> Input data:
====

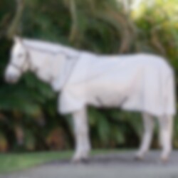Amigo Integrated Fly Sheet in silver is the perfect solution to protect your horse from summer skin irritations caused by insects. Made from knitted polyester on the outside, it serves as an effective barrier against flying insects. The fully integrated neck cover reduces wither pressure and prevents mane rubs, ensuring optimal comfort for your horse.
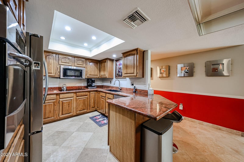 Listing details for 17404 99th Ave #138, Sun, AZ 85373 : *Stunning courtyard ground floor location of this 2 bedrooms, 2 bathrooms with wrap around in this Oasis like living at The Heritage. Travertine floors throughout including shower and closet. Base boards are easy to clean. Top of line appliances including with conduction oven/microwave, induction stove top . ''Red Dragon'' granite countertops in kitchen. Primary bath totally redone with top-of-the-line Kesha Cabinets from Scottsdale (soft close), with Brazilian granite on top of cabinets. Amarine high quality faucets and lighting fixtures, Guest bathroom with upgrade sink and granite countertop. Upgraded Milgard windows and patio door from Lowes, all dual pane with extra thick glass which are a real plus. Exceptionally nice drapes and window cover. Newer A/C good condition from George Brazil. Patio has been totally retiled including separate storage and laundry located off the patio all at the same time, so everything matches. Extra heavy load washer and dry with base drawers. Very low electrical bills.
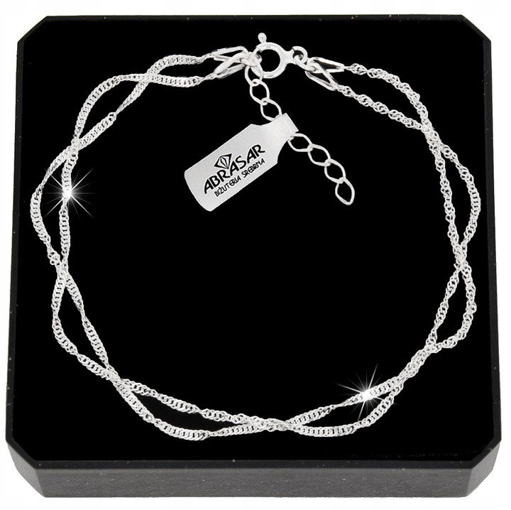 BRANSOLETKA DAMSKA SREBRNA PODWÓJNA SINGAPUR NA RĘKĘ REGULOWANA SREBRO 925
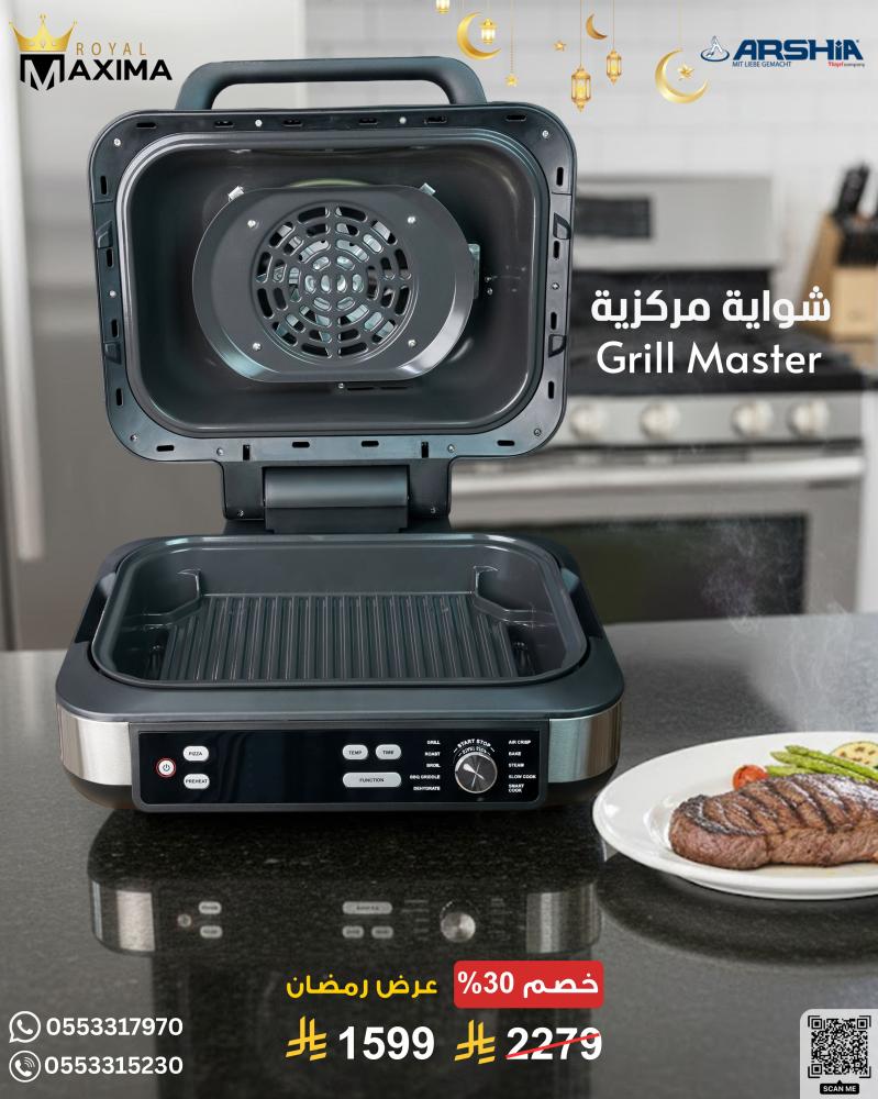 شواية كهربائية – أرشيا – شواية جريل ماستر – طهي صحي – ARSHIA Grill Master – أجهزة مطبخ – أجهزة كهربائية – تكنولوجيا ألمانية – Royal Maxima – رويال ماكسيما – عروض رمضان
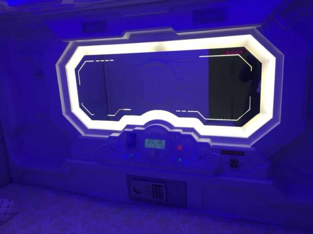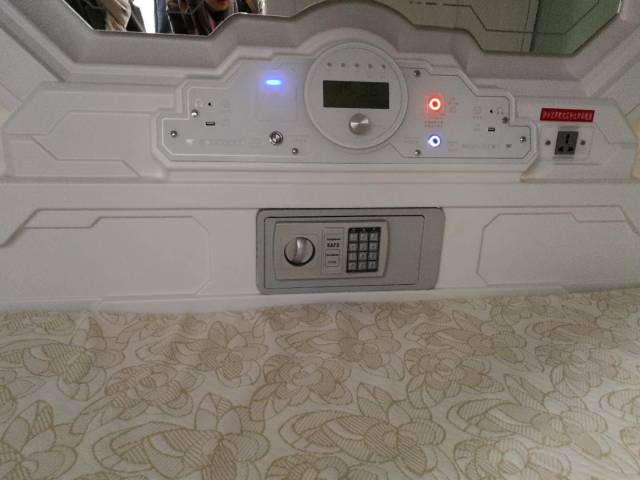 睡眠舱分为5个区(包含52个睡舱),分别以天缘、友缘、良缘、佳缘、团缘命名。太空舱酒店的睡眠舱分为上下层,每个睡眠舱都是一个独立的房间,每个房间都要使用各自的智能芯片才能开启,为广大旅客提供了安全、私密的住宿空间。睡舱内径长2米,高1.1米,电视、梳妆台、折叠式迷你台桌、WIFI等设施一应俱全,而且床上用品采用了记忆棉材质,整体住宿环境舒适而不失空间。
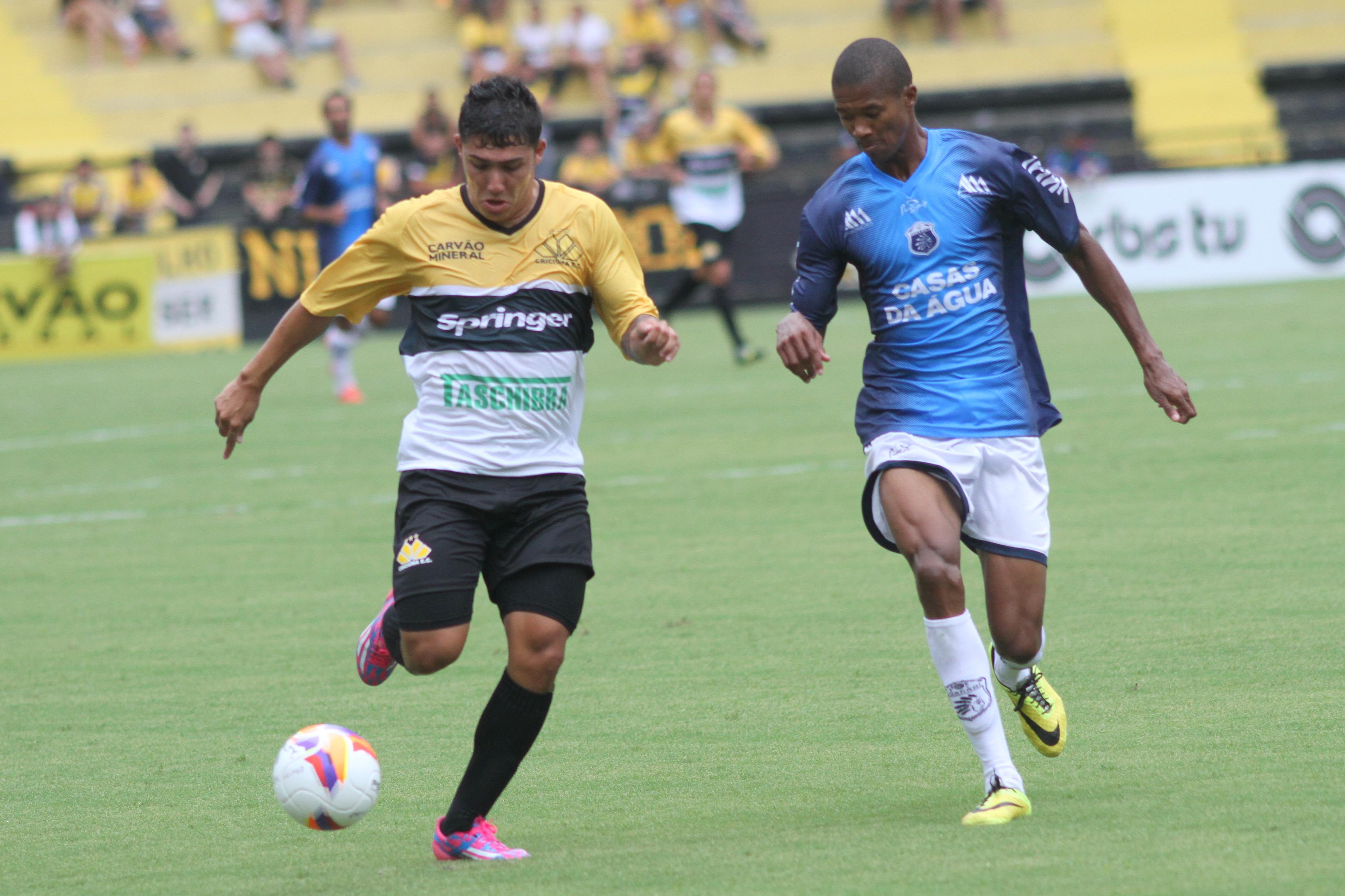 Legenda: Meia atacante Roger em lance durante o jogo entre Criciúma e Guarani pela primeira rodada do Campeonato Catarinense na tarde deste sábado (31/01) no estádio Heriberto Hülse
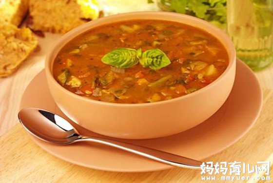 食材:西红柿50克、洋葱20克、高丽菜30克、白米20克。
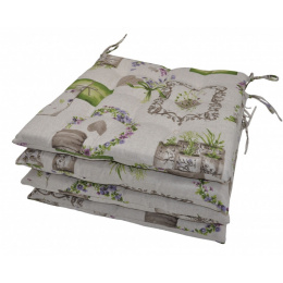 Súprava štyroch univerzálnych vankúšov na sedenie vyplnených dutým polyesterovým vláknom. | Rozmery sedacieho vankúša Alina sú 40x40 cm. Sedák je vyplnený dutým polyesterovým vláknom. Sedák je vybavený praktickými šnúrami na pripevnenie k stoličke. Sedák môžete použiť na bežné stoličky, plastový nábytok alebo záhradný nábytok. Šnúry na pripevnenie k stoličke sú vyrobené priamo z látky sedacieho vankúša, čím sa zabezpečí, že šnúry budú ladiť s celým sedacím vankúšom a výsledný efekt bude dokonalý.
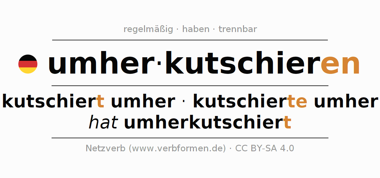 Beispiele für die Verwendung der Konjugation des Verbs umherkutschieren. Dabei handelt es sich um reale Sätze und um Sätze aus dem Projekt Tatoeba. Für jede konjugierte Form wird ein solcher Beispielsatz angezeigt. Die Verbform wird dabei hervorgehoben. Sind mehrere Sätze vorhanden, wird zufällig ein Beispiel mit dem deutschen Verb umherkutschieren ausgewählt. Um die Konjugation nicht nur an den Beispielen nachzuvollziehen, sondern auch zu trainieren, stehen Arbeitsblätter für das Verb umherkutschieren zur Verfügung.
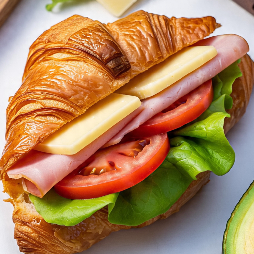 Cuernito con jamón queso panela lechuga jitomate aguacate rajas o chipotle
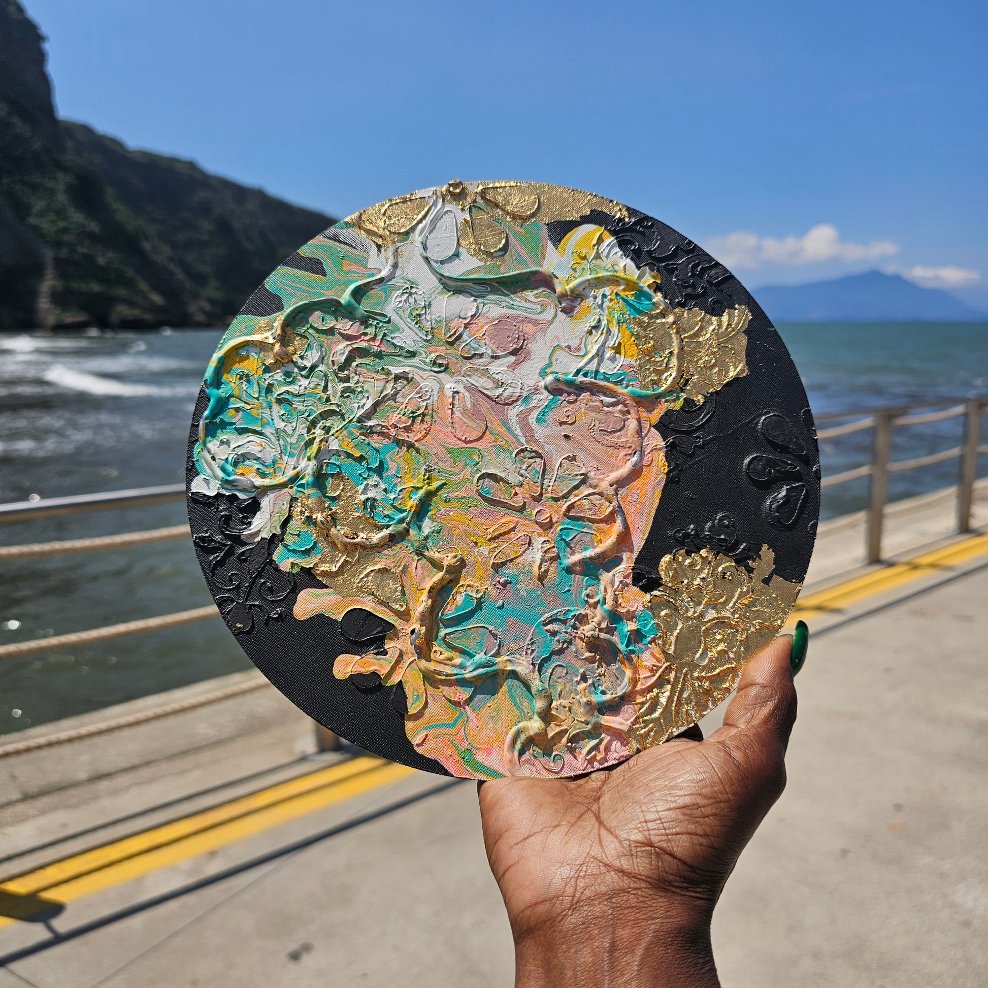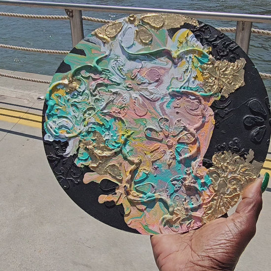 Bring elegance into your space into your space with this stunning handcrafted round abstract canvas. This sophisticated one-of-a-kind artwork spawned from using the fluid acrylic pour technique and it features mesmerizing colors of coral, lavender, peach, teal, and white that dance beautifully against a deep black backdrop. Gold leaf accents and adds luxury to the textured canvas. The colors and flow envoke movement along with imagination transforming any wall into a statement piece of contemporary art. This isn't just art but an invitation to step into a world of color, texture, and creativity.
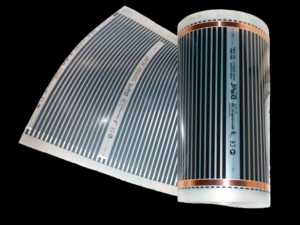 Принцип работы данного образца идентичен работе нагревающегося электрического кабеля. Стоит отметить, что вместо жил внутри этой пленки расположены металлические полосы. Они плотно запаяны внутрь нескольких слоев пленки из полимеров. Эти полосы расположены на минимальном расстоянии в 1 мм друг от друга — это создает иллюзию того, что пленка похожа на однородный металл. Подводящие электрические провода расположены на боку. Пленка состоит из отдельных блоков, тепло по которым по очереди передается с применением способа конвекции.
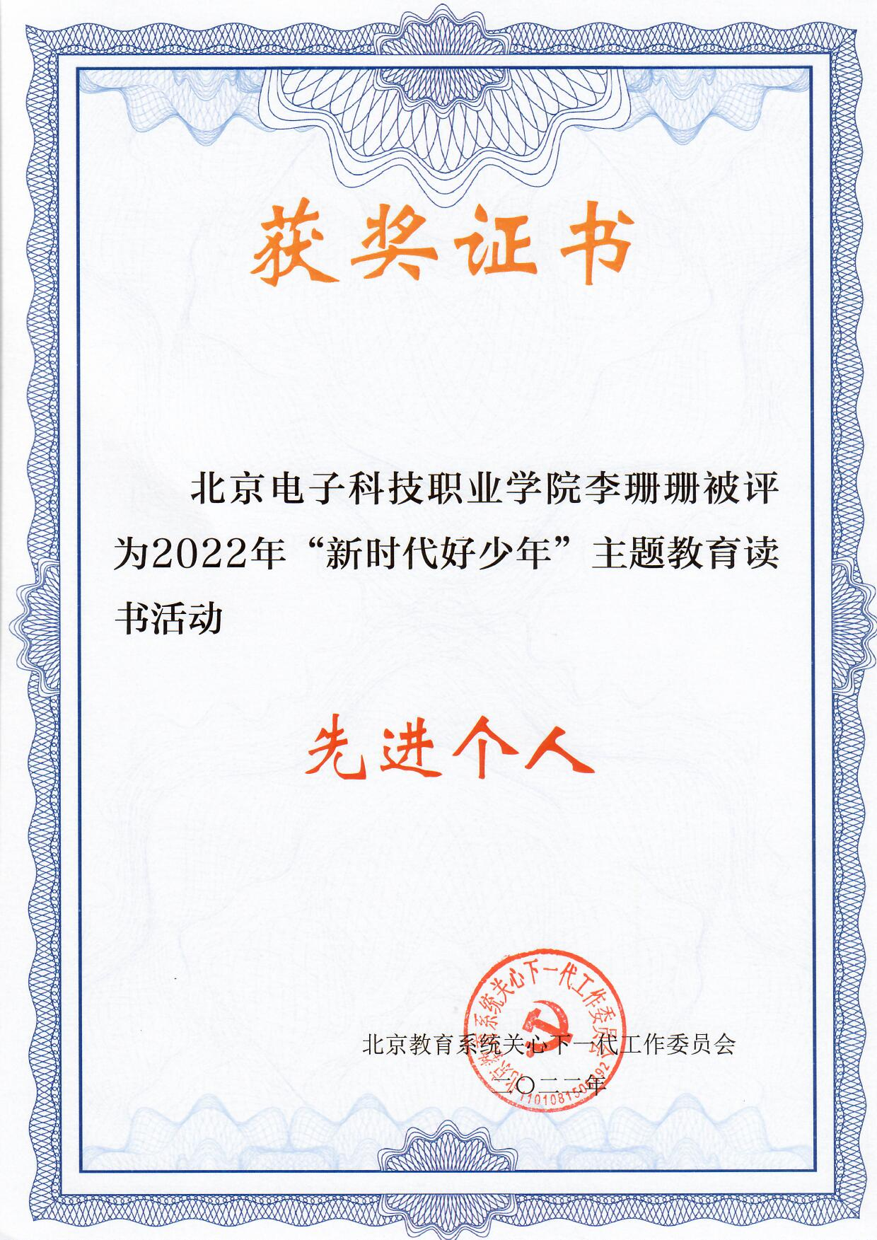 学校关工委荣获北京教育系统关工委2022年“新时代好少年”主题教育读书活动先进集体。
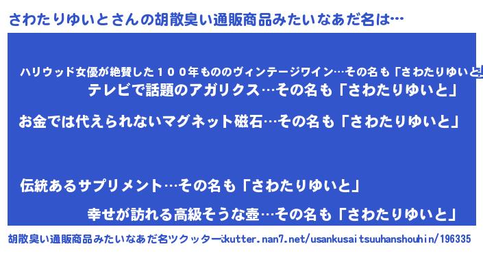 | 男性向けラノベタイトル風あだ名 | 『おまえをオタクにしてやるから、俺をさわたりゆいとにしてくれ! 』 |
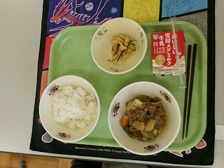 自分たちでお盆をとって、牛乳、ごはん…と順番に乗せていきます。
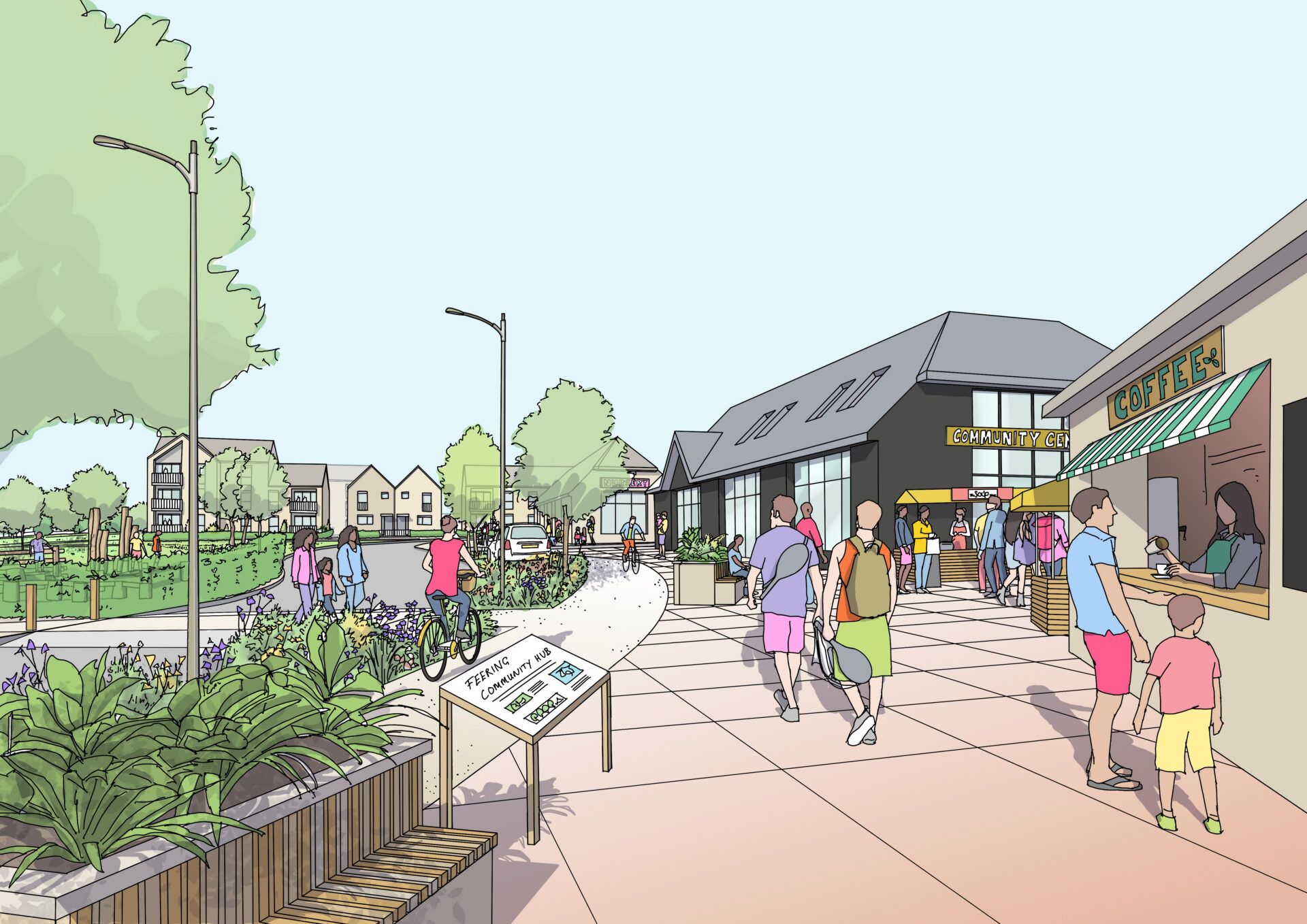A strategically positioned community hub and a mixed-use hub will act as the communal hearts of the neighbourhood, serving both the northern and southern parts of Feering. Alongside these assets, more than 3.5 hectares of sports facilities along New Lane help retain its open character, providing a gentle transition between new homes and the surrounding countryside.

====

> Directions for this task: Everything in the records above should be printed again exactly, except the pictures.

> Problem solution:
Amigo Integrated Fly Sheet in silver is the perfect solution to protect your horse from summer skin irritations caused by insects. Made from knitted polyester on the outside, it serves as an effective barrier against flying insects. The fully integrated neck cover reduces wither pressure and prevents mane rubs, ensuring optimal comfort for your horse.
 Listing details for 17404 99th Ave #138, Sun, AZ 85373 : *Stunning courtyard ground floor location of this 2 bedrooms, 2 bathrooms with wrap around in this Oasis like living at The Heritage. Travertine floors throughout including shower and closet. Base boards are easy to clean. Top of line appliances including with conduction oven/microwave, induction stove top . ''Red Dragon'' granite countertops in kitchen. Primary bath totally redone with top-of-the-line Kesha Cabinets from Scottsdale (soft close), with Brazilian granite on top of cabinets. Amarine high quality faucets and lighting fixtures, Guest bathroom with upgrade sink and granite countertop. Upgraded Milgard windows and patio door from Lowes, all dual pane with extra thick glass which are a real plus. Exceptionally nice drapes and window cover. Newer A/C good condition from George Brazil. Patio has been totally retiled including separate storage and laundry located off the patio all at the same time, so everything matches. Extra heavy load washer and dry with base drawers. Very low electrical bills.
 BRANSOLETKA DAMSKA SREBRNA PODWÓJNA SINGAPUR NA RĘKĘ REGULOWANA SREBRO 925
 شواية كهربائية – أرشيا – شواية جريل ماستر – طهي صحي – ARSHIA Grill Master – أجهزة مطبخ – أجهزة كهربائية – تكنولوجيا ألمانية – Royal Maxima – رويال ماكسيما – عروض رمضان
 睡眠舱分为5个区(包含52个睡舱),分别以天缘、友缘、良缘、佳缘、团缘命名。太空舱酒店的睡眠舱分为上下层,每个睡眠舱都是一个独立的房间,每个房间都要使用各自的智能芯片才能开启,为广大旅客提供了安全、私密的住宿空间。睡舱内径长2米,高1.1米,电视、梳妆台、折叠式迷你台桌、WIFI等设施一应俱全,而且床上用品采用了记忆棉材质,整体住宿环境舒适而不失空间。
 Legenda: Meia atacante Roger em lance durante o jogo entre Criciúma e Guarani pela primeira rodada do Campeonato Catarinense na tarde deste sábado (31/01) no estádio Heriberto Hülse
 食材:西红柿50克、洋葱20克、高丽菜30克、白米20克。
 Súprava štyroch univerzálnych vankúšov na sedenie vyplnených dutým polyesterovým vláknom. | Rozmery sedacieho vankúša Alina sú 40x40 cm. Sedák je vyplnený dutým polyesterovým vláknom. Sedák je vybavený praktickými šnúrami na pripevnenie k stoličke. Sedák môžete použiť na bežné stoličky, plastový nábytok alebo záhradný nábytok. Šnúry na pripevnenie k stoličke sú vyrobené priamo z látky sedacieho vankúša, čím sa zabezpečí, že šnúry budú ladiť s celým sedacím vankúšom a výsledný efekt bude dokonalý.
 Beispiele für die Verwendung der Konjugation des Verbs umherkutschieren. Dabei handelt es sich um reale Sätze und um Sätze aus dem Projekt Tatoeba. Für jede konjugierte Form wird ein solcher Beispielsatz angezeigt. Die Verbform wird dabei hervorgehoben. Sind mehrere Sätze vorhanden, wird zufällig ein Beispiel mit dem deutschen Verb umherkutschieren ausgewählt. Um die Konjugation nicht nur an den Beispielen nachzuvollziehen, sondern auch zu trainieren, stehen Arbeitsblätter für das Verb umherkutschieren zur Verfügung.
 Cuernito con jamón queso panela lechuga jitomate aguacate rajas o chipotle
 Bring elegance into your space into your space with this stunning handcrafted round abstract canvas. This sophisticated one-of-a-kind artwork spawned from using the fluid acrylic pour technique and it features mesmerizing colors of coral, lavender, peach, teal, and white that dance beautifully against a deep black backdrop. Gold leaf accents and adds luxury to the textured canvas. The colors and flow envoke movement along with imagination transforming any wall into a statement piece of contemporary art. This isn't just art but an invitation to step into a world of color, texture, and creativity.
 Принцип работы данного образца идентичен работе нагревающегося электрического кабеля. Стоит отметить, что вместо жил внутри этой пленки расположены металлические полосы. Они плотно запаяны внутрь нескольких слоев пленки из полимеров. Эти полосы расположены на минимальном расстоянии в 1 мм друг от друга — это создает иллюзию того, что пленка похожа на однородный металл. Подводящие электрические провода расположены на боку. Пленка состоит из отдельных блоков, тепло по которым по очереди передается с применением способа конвекции.
 学校关工委荣获北京教育系统关工委2022年“新时代好少年”主题教育读书活动先进集体。
 | 男性向けラノベタイトル風あだ名 | 『おまえをオタクにしてやるから、俺をさわたりゆいとにしてくれ! 』 |
 自分たちでお盆をとって、牛乳、ごはん…と順番に乗せていきます。
A strategically positioned community hub and a mixed-use hub will act as the communal hearts of the neighbourhood, serving both the northern and southern parts of Feering. Alongside these assets, more than 3.5 hectares of sports facilities along New Lane help retain its open character, providing a gentle transition between new homes and the surrounding countryside.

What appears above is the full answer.